# TASK PROMPT:
In the entries below, repeat only the lines between those holding "Women's Tactical Polo, Size" and "Colorful illustration of", inclusive. Leave pictures out.

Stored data
____________

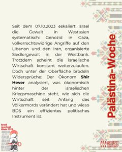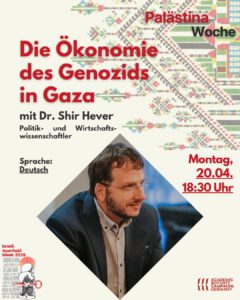 Dr. Shir Hever: Die Ökonomie des Genozids in Gaza Termin Details Datum: 20.04.2026 18:30 Ort: Bremen, Universität Terminkategorien: Veranstaltung Der Vortrag findet an der Uni im „Communitas“ statt.
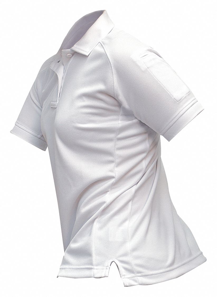 Women's Tactical Polo, Size XL, Color White, Material 100 Percent Polyester, Fits Chest Size 40 In. to 42 In., Sleeve Length Short Sleeve, Closure Type Button, Fabric Polyester, Pockets 2, Binding 4-Hole Melamine Buttons, Fabric Weight 6.5 oz.
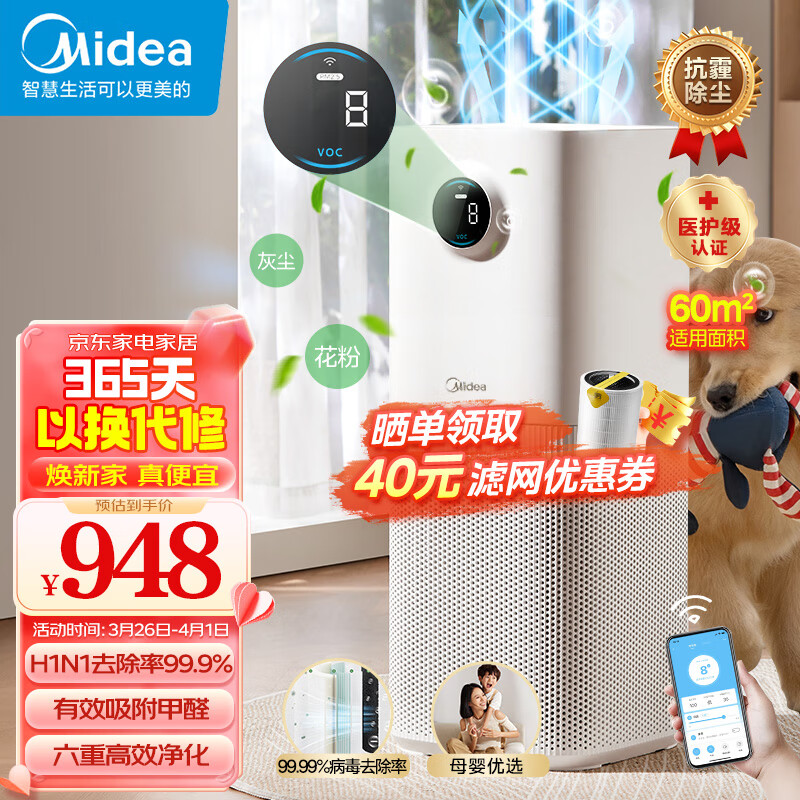 美的(Midea)【医护级】空气净化器“森林Air3S”除甲醛除烟味除猫毛99.99%除菌六重净化空气消毒机KJ500G-L1价格:1299.00元!
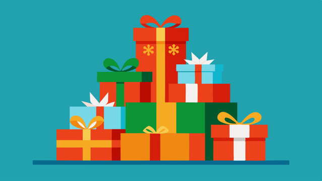 Colorful illustration of a stack of gift boxes in various sizes and colors with decorative ribbons.
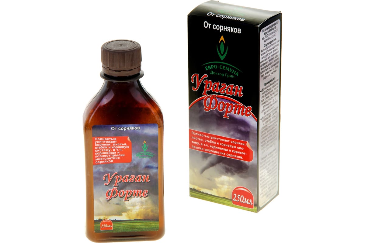 Средство от сорняков Доктор Грин Ураган Форте, 250мл 4690698004488 - гербицид сплошного действия. Эффективно устранит однолетние, и многолетние сорные растения. Не является селективным. Влияет на растение через листья и стебли, останавливая его жизнедеятельность в течение 2 часов. Через 2-3 недели сорняки гибнут полностью. Применение возможно с весны до поздней осени. Перед применением важно не косить и не полоть сорняки. После - не полоть в течение 7 дней.
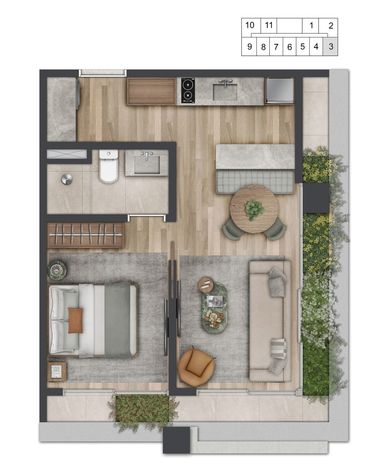Os apartamentos de 43m² traduzem o conceito do luxo contemporâneo em cada detalhe — com 1 dormitório, 1 banheiro, varanda com jardim privativo, lavabo, infraestrutura para ar-condicionado e closet, tudo pensado para oferecer praticidade e sofisticação em um só espaço.
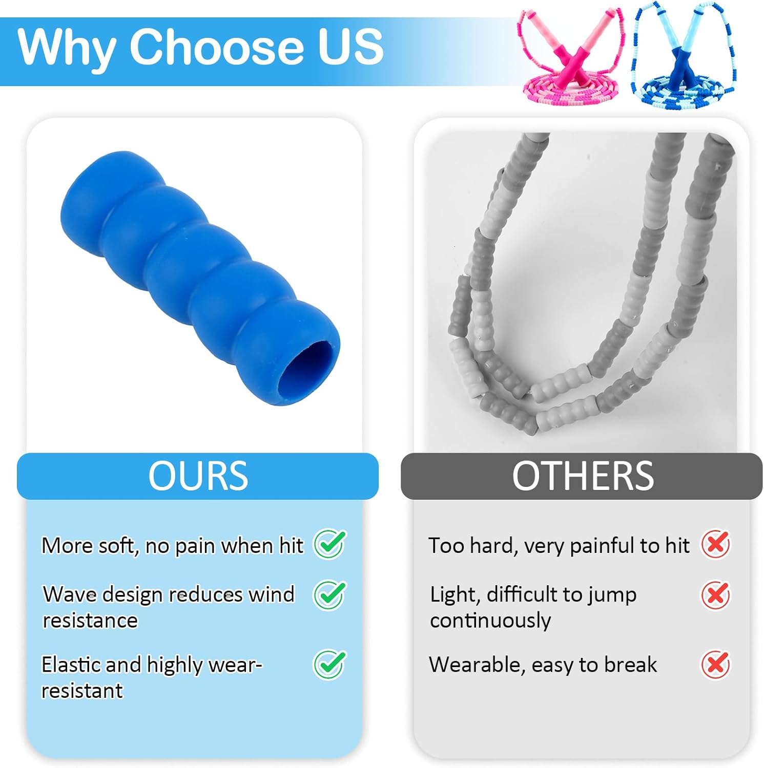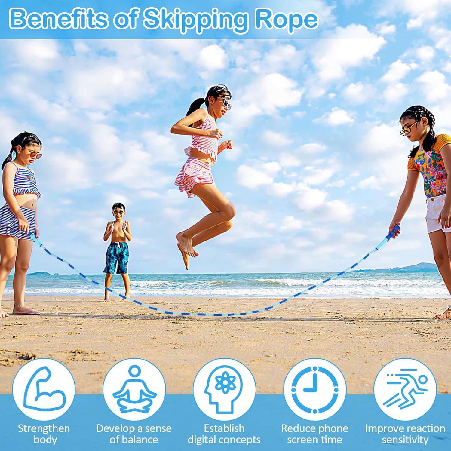 Pliable Material: Kids jump rope for age 8-12 is made of lightweight pliable material, so they’re not hard. It doesn’t hurt when hitting your legs.Great for outdoor play this summer
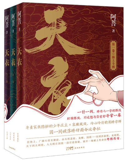 《天衣(全三卷)》包括《海上斗繡》《廣潮斗繡》《龍袍斗繡》,以有1000多年歷史、中國(guó)四大名繡之一的粵繡(即廣州刺繡、潮州刺繡)行業(yè)的發(fā)展為故事背景,從明“隆慶開關(guān)”出發(fā),以伊麗莎白一世促成英國(guó)刺繡同業(yè)公會(huì)為結(jié)束,講述了一個(gè)從海上、民間到天子座前的斗繡傳奇。
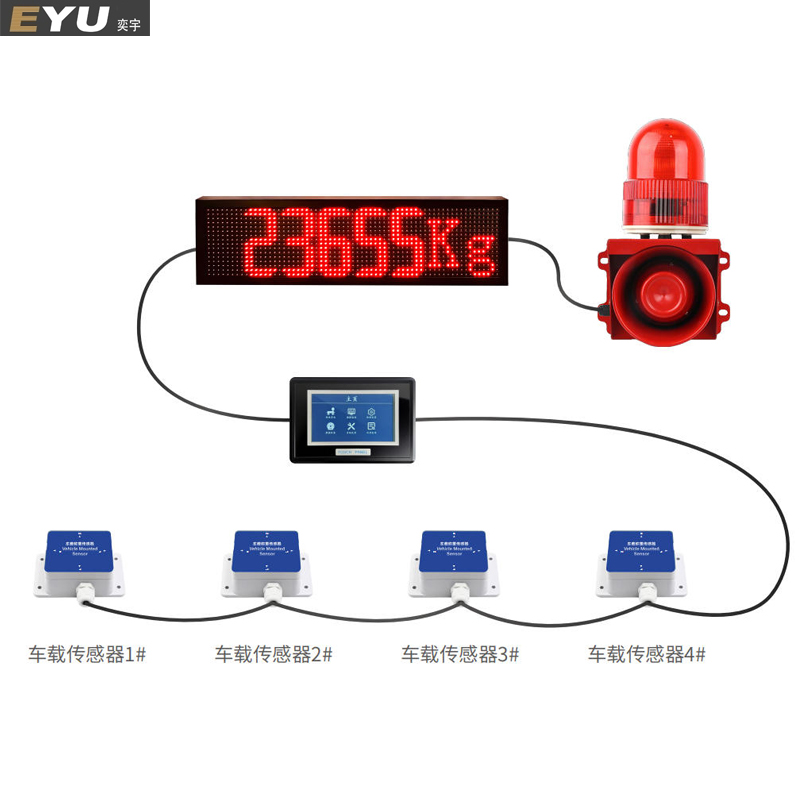 车载称重监测系统支持两级声光报警(90%载重黄灯提示、满载红闪蜂鸣),可自定义轴重与总重阈值,3通道联动外部设备。
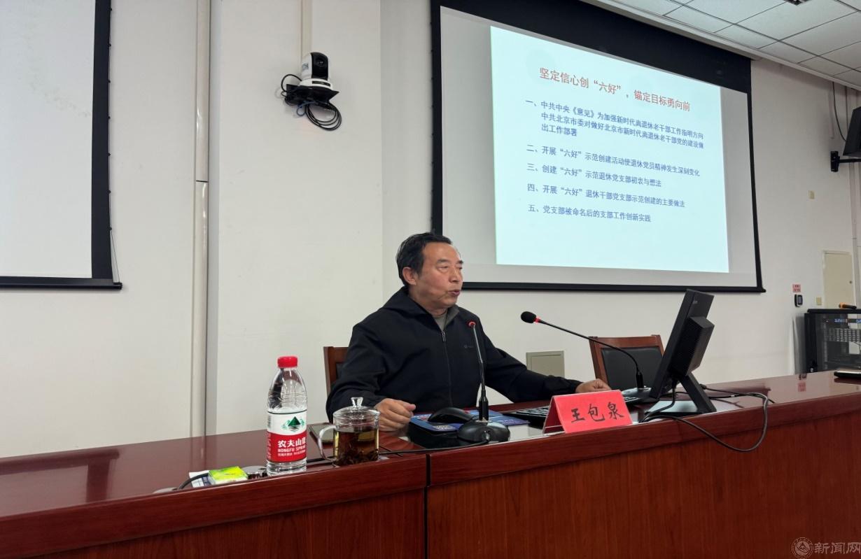 10月31日下午,受北京市委老干部局和市委教育工委离退休干部处委托,伟德官网第一退休教职工党支部书记王包泉到水利部机关离退休干部培训班,围绕“争创‘六好’离退休干部党支部”交流经验做法。

____________

# REPLY:
 Women's Tactical Polo, Size XL, Color White, Material 100 Percent Polyester, Fits Chest Size 40 In. to 42 In., Sleeve Length Short Sleeve, Closure Type Button, Fabric Polyester, Pockets 2, Binding 4-Hole Melamine Buttons, Fabric Weight 6.5 oz.
 美的(Midea)【医护级】空气净化器“森林Air3S”除甲醛除烟味除猫毛99.99%除菌六重净化空气消毒机KJ500G-L1价格:1299.00元!
 Colorful illustration of a stack of gift boxes in various sizes and colors with decorative ribbons.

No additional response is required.